Using the records below, give again exactly the lines from the line that contains "ÖZEL OYUNCULAR VARDIR)" through the line that contains "1 review for", both ends included, and only those.

**Given entries:**
══════════
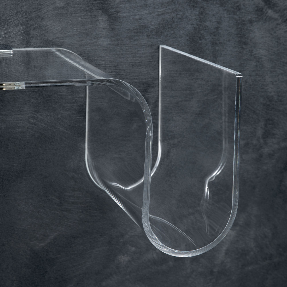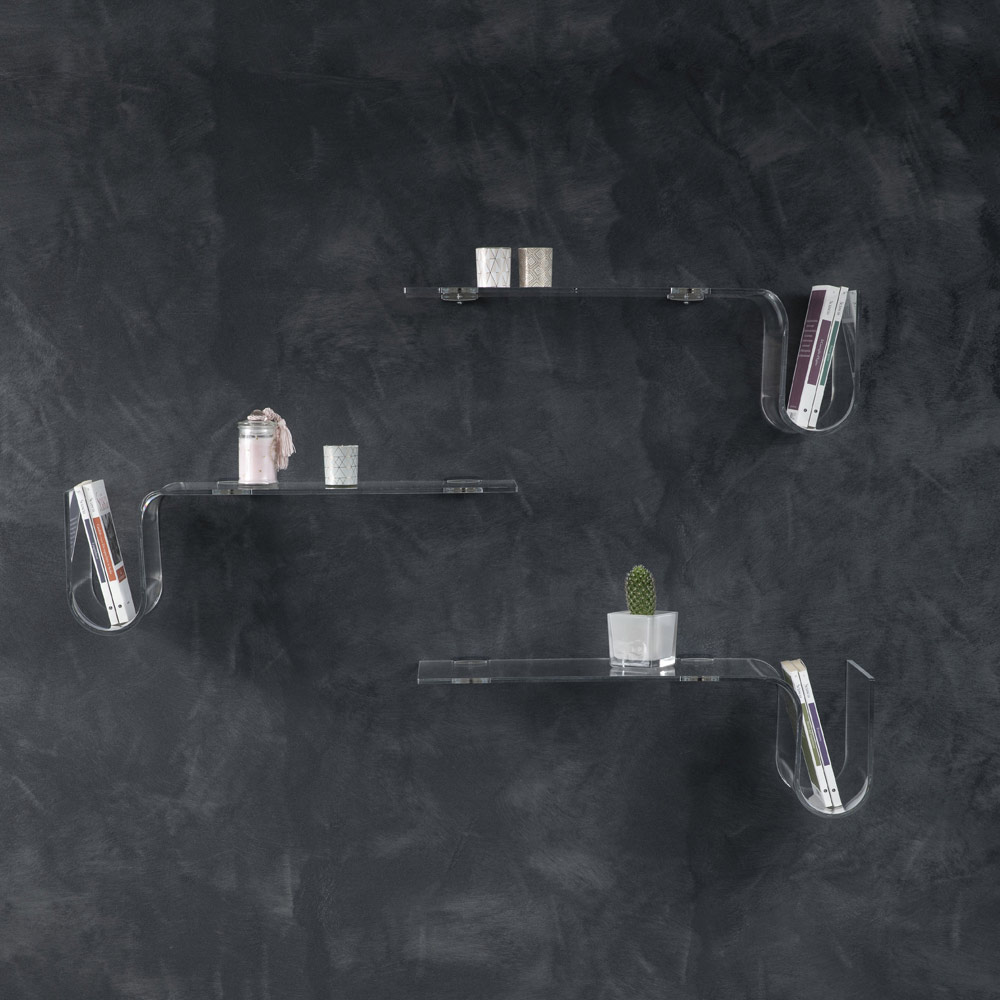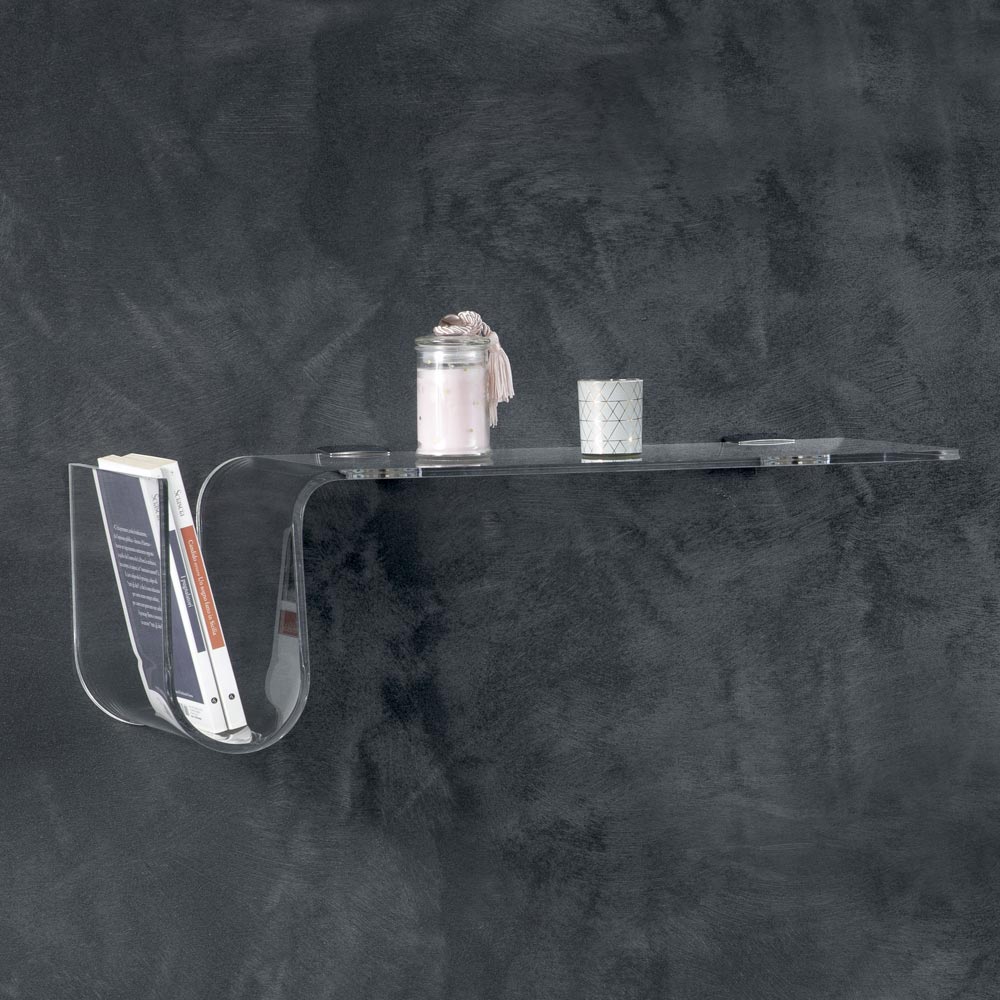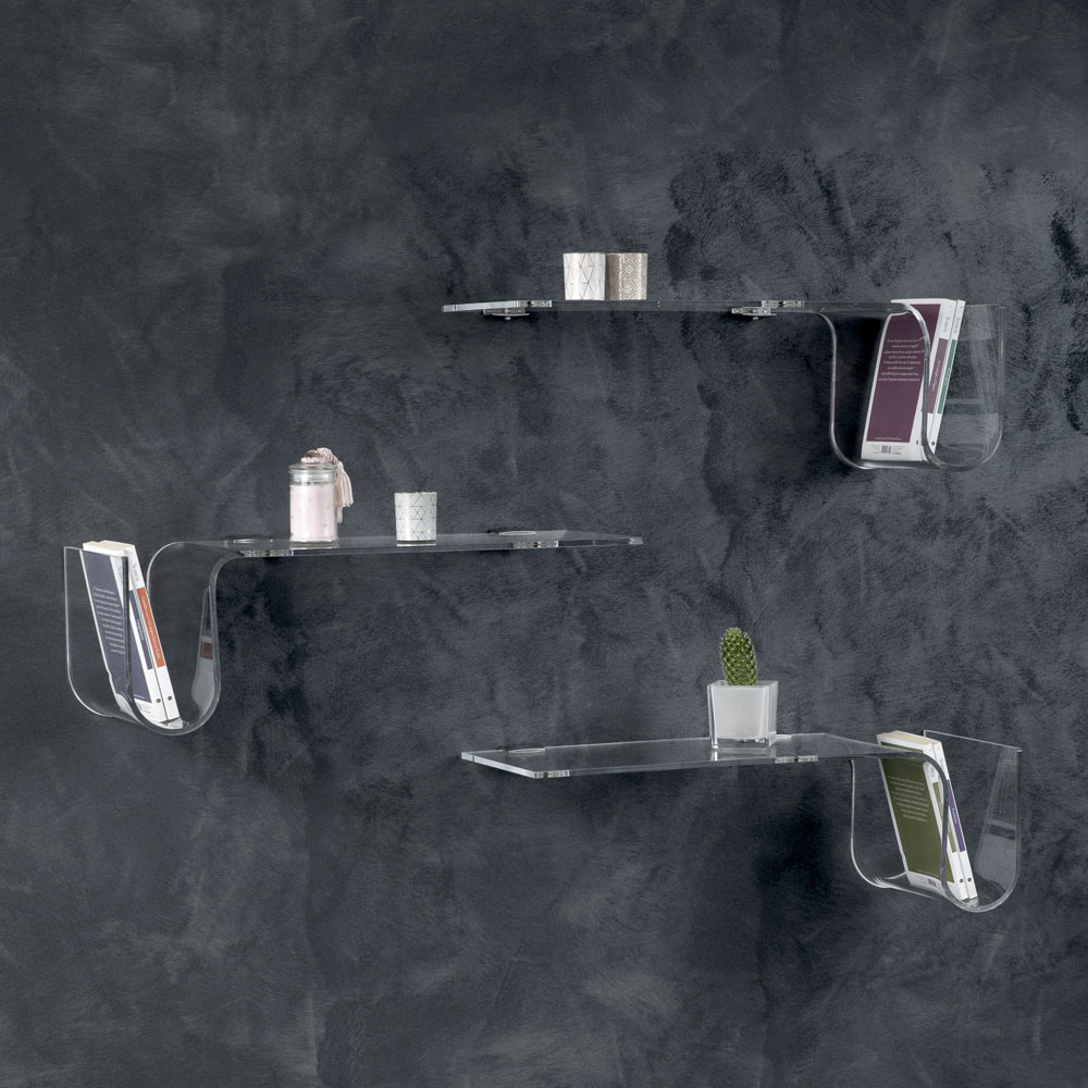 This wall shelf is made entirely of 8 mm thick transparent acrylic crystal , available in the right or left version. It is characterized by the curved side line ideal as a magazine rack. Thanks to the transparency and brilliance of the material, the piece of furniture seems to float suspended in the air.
══════════
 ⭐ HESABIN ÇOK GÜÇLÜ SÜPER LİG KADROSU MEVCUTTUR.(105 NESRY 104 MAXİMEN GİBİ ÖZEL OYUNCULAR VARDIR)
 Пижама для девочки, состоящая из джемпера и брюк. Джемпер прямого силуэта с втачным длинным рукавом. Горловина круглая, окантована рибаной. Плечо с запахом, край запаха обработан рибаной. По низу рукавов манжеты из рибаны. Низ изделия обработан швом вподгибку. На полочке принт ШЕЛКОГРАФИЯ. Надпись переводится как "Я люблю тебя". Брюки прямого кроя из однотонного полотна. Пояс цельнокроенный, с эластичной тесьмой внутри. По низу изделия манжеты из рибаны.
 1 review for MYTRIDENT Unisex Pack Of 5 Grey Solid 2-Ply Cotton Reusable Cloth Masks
══════════
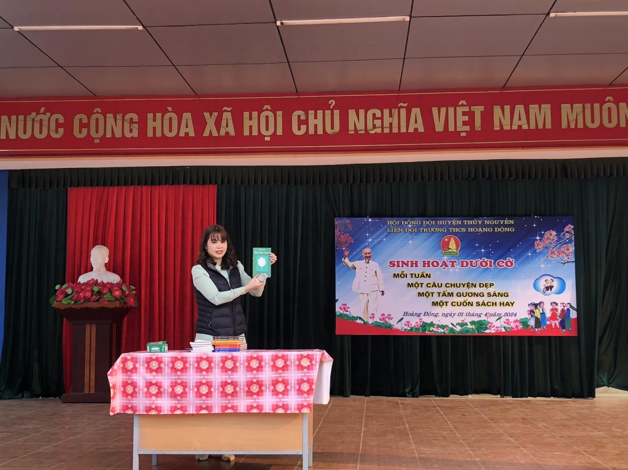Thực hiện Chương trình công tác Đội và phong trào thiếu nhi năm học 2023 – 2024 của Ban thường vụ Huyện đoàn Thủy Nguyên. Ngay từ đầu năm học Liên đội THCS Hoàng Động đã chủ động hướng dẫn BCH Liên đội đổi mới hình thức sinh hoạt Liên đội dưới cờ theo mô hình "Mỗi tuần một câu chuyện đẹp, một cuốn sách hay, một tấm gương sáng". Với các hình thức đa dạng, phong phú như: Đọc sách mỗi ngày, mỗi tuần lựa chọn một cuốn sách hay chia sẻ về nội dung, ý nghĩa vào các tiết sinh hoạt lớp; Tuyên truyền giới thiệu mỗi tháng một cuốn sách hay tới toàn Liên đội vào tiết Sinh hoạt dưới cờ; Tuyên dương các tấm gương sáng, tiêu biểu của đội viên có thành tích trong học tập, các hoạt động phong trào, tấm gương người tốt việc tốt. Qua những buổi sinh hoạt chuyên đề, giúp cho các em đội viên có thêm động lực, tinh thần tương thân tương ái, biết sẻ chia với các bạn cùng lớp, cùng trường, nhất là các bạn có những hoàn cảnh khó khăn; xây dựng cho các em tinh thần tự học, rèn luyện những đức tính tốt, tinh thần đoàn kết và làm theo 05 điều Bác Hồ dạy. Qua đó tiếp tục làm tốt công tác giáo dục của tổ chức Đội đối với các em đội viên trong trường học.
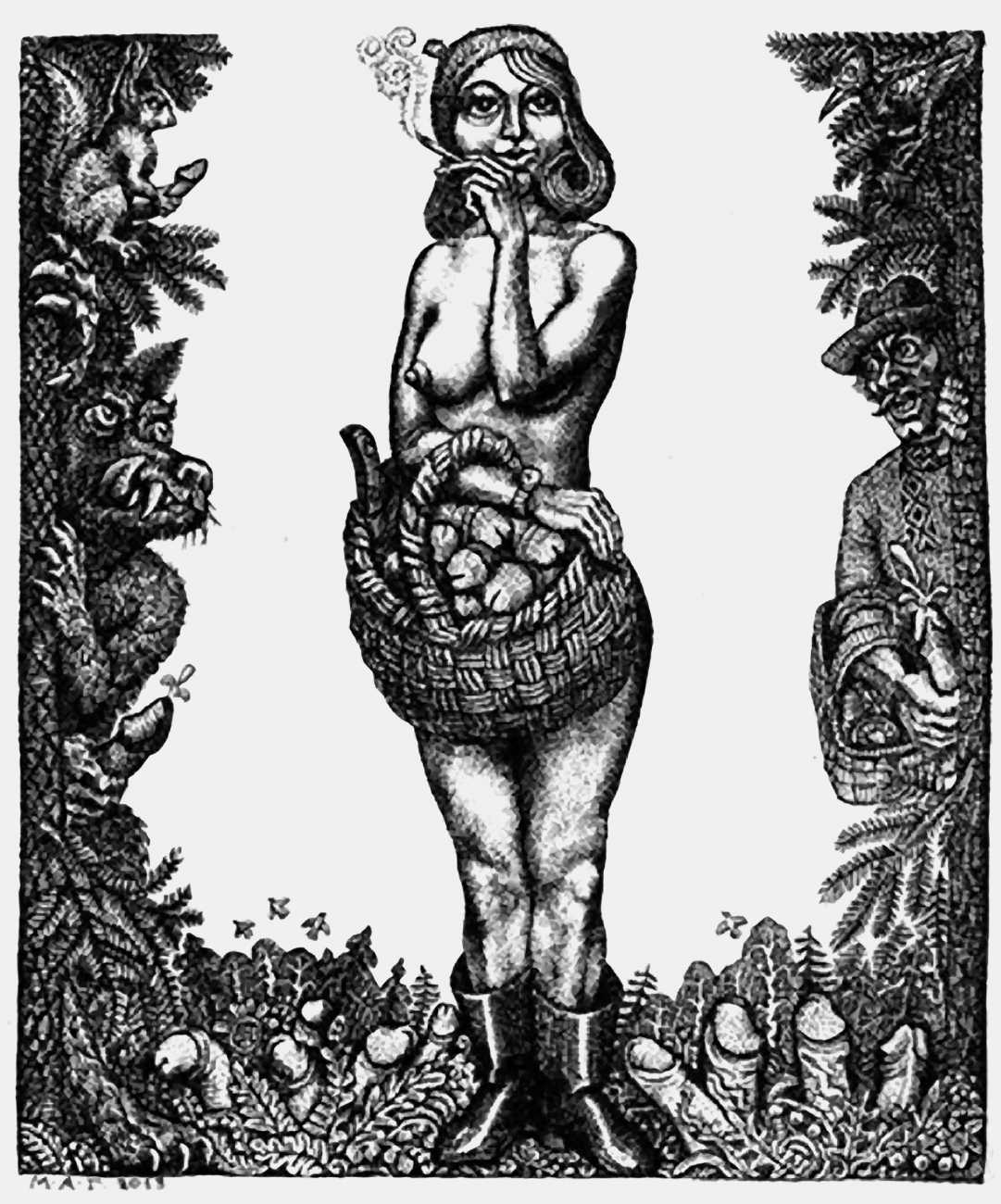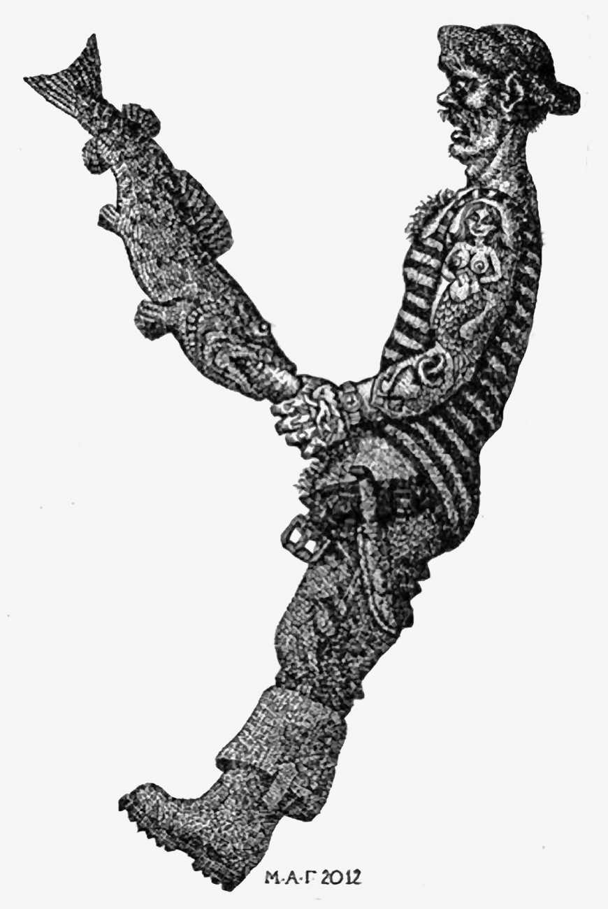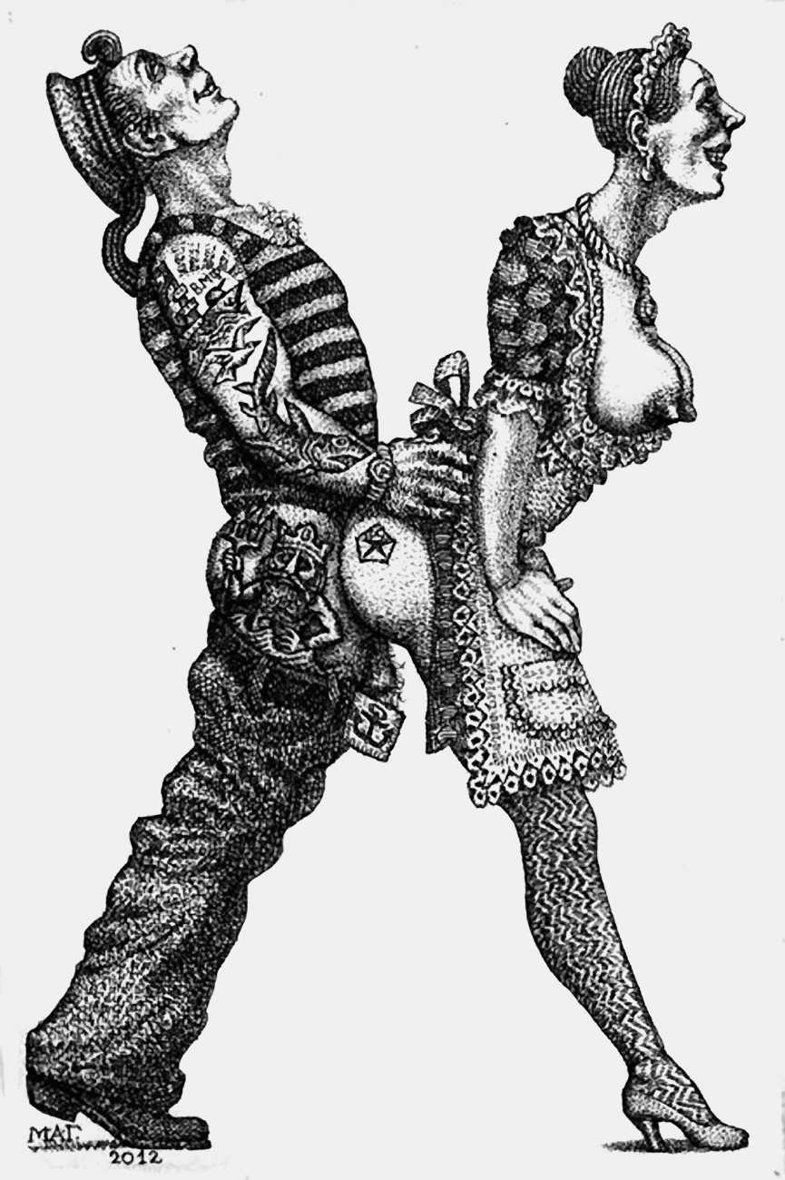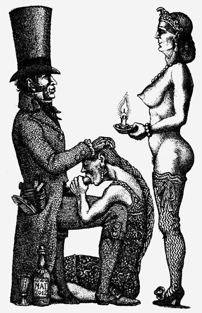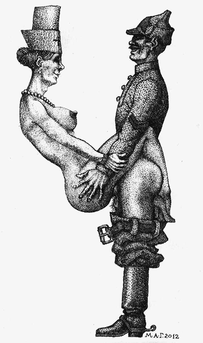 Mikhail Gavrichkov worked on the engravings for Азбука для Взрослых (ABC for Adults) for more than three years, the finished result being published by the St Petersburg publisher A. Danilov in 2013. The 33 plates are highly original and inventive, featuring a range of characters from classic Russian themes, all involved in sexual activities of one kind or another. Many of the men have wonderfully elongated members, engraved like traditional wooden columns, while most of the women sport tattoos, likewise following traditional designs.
══════════
**Completed task:**
 ⭐ HESABIN ÇOK GÜÇLÜ SÜPER LİG KADROSU MEVCUTTUR.(105 NESRY 104 MAXİMEN GİBİ ÖZEL OYUNCULAR VARDIR)
 Пижама для девочки, состоящая из джемпера и брюк. Джемпер прямого силуэта с втачным длинным рукавом. Горловина круглая, окантована рибаной. Плечо с запахом, край запаха обработан рибаной. По низу рукавов манжеты из рибаны. Низ изделия обработан швом вподгибку. На полочке принт ШЕЛКОГРАФИЯ. Надпись переводится как "Я люблю тебя". Брюки прямого кроя из однотонного полотна. Пояс цельнокроенный, с эластичной тесьмой внутри. По низу изделия манжеты из рибаны.
 1 review for MYTRIDENT Unisex Pack Of 5 Grey Solid 2-Ply Cotton Reusable Cloth Masks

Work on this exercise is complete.